→ **Brief**
Everything from the line containing "7 Cirsium vulgare ASTERACEAE" through the line containing "Március 11-én Szedres, külterület, 15" should be repeated exactly, and nothing else from the data.

→ **Provided records**
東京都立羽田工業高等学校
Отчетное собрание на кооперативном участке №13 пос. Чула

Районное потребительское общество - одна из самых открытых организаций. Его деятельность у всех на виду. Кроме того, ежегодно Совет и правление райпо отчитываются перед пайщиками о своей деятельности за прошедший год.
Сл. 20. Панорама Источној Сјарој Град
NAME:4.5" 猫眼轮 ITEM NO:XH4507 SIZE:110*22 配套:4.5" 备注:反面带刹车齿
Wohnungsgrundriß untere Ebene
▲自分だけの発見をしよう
---
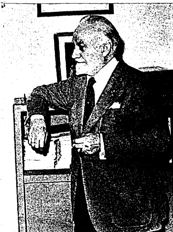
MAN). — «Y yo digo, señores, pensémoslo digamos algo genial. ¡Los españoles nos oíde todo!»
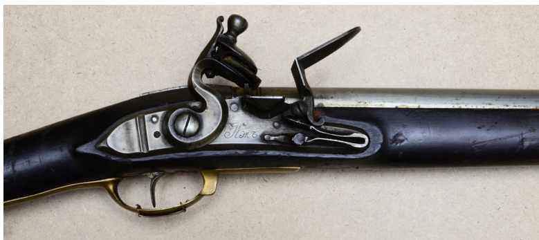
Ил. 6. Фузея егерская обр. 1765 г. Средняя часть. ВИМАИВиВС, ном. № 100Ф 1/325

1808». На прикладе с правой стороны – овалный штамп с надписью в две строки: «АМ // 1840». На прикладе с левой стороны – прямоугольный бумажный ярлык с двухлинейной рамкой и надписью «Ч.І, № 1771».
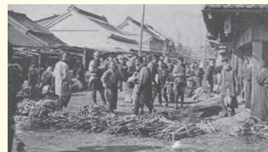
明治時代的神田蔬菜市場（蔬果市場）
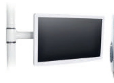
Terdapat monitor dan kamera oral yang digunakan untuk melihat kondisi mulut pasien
--
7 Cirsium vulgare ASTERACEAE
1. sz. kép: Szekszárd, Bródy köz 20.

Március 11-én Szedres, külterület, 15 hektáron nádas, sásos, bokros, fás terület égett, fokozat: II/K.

→ **Final answer**
7 Cirsium vulgare ASTERACEAE
1. sz. kép: Szekszárd, Bródy köz 20.

Március 11-én Szedres, külterület, 15 hektáron nádas, sásos, bokros, fás terület égett, fokozat: II/K.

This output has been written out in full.